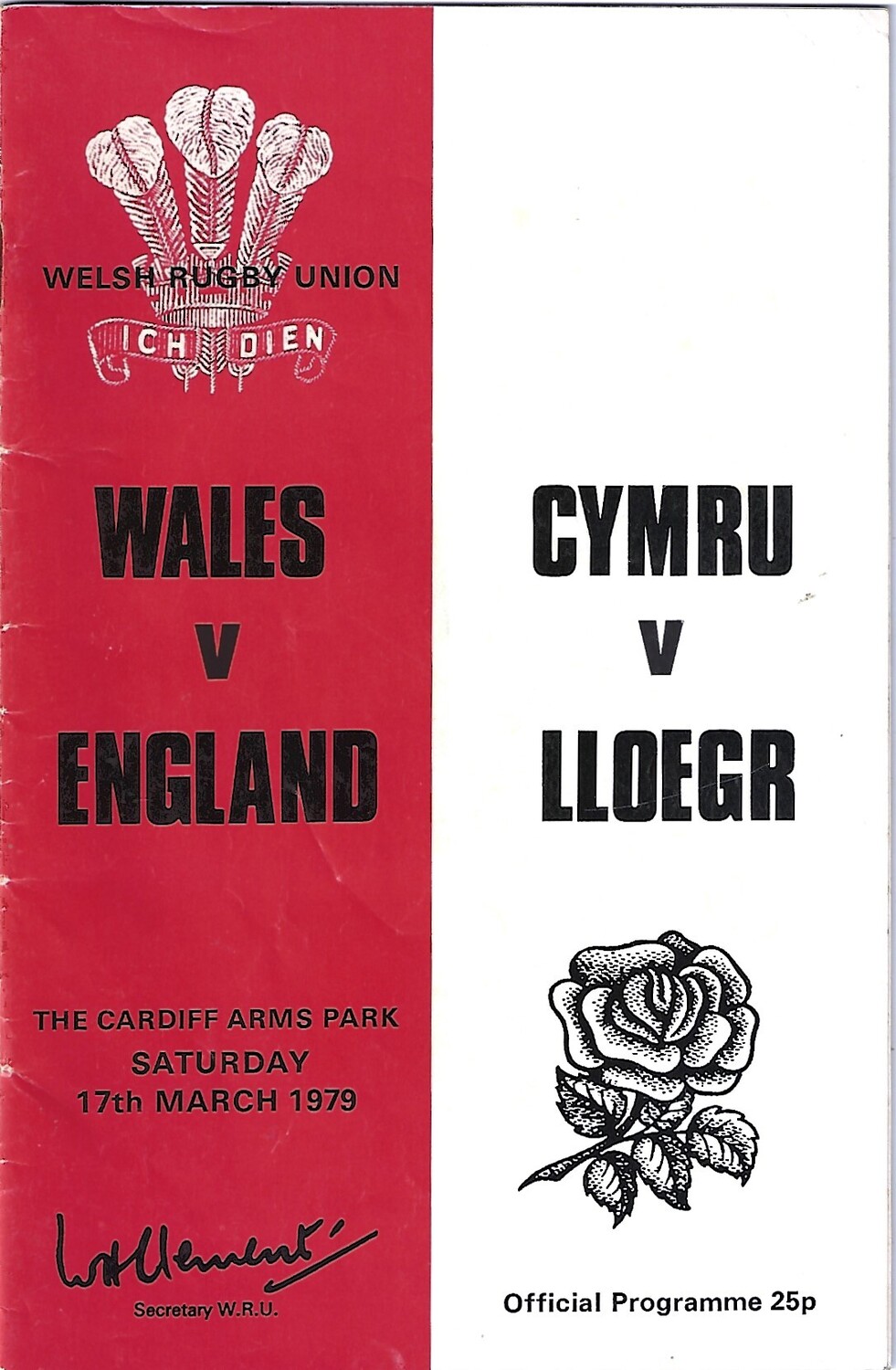 1979 Wales v England (17/03/1979) Five Nations Rugby Union Programme
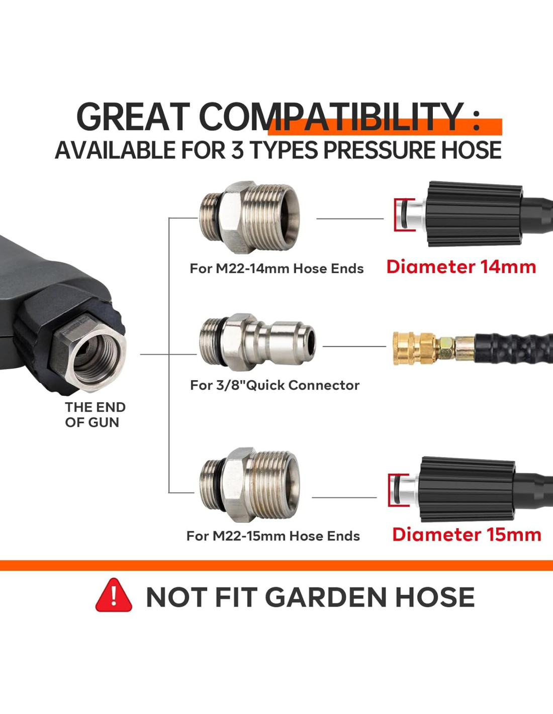 - Especificación: Enchufe de Conexión Rápida de 3/8" (9.53mm) y Conexiones M22-14/M22-15mm, para adaptarse a mangueras de lavado a presión de 3/8" (9.53mm) o M22-14mm/M22-15mm. 5 Puntas de Boquilla con Soporte de Boquilla, elige una boquilla diferente según tus necesidades. Es adecuada para limpiar autos, piscinas, ventanas, techos, aceras, etc.
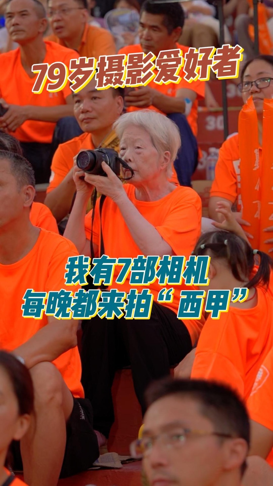 79岁摄影爱好者老奶奶:我有7部相机,每晚都来拍#佛山西甲 。#2024享佛山看西甲
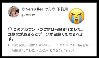 はんなの公式LINE凍結していて
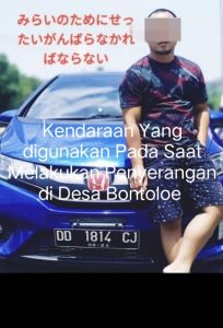 Terduga pelaku datang bersama temannya degan mengunakan mobil Honda Jazz, Warna Biru dan beberapa motor
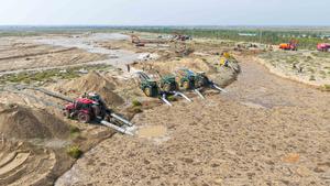 (250818) -- BAYANNUR, 18 agosto, 2025 (Xinhua) -- Vista aérea tomada con un dron el 18 de agosto de 2025 de rescatistas buscando personas desaparecidas, en la bandera de Urad Rear, en la ciudad de Bayannur, en la región autónoma de Mongolia Interior, en el norte de China. La cifra de muertos subió a 10 y dos personas siguen desaparecidas a causa de una inundación repentina que arrasó un campamento al aire libre en la región autónoma de Mongolia Interior, en el norte de China, informaron el domingo las autoridades locales de emergencia. (Xinhua/Ma Jinrui) (rtg) (ah) (vf)

----

* [ABOUT THIS EXERCISE]
Repeat each line word for word, from the one with "- Especificación: Enchufe" down to the last line of the data, and keep the pictures out of it.

* [SOLVED PROBLEM]
 - Especificación: Enchufe de Conexión Rápida de 3/8" (9.53mm) y Conexiones M22-14/M22-15mm, para adaptarse a mangueras de lavado a presión de 3/8" (9.53mm) o M22-14mm/M22-15mm. 5 Puntas de Boquilla con Soporte de Boquilla, elige una boquilla diferente según tus necesidades. Es adecuada para limpiar autos, piscinas, ventanas, techos, aceras, etc.
 79岁摄影爱好者老奶奶:我有7部相机,每晚都来拍#佛山西甲 。#2024享佛山看西甲
 はんなの公式LINE凍結していて
 Terduga pelaku datang bersama temannya degan mengunakan mobil Honda Jazz, Warna Biru dan beberapa motor
 (250818) -- BAYANNUR, 18 agosto, 2025 (Xinhua) -- Vista aérea tomada con un dron el 18 de agosto de 2025 de rescatistas buscando personas desaparecidas, en la bandera de Urad Rear, en la ciudad de Bayannur, en la región autónoma de Mongolia Interior, en el norte de China. La cifra de muertos subió a 10 y dos personas siguen desaparecidas a causa de una inundación repentina que arrasó un campamento al aire libre en la región autónoma de Mongolia Interior, en el norte de China, informaron el domingo las autoridades locales de emergencia. (Xinhua/Ma Jinrui) (rtg) (ah) (vf)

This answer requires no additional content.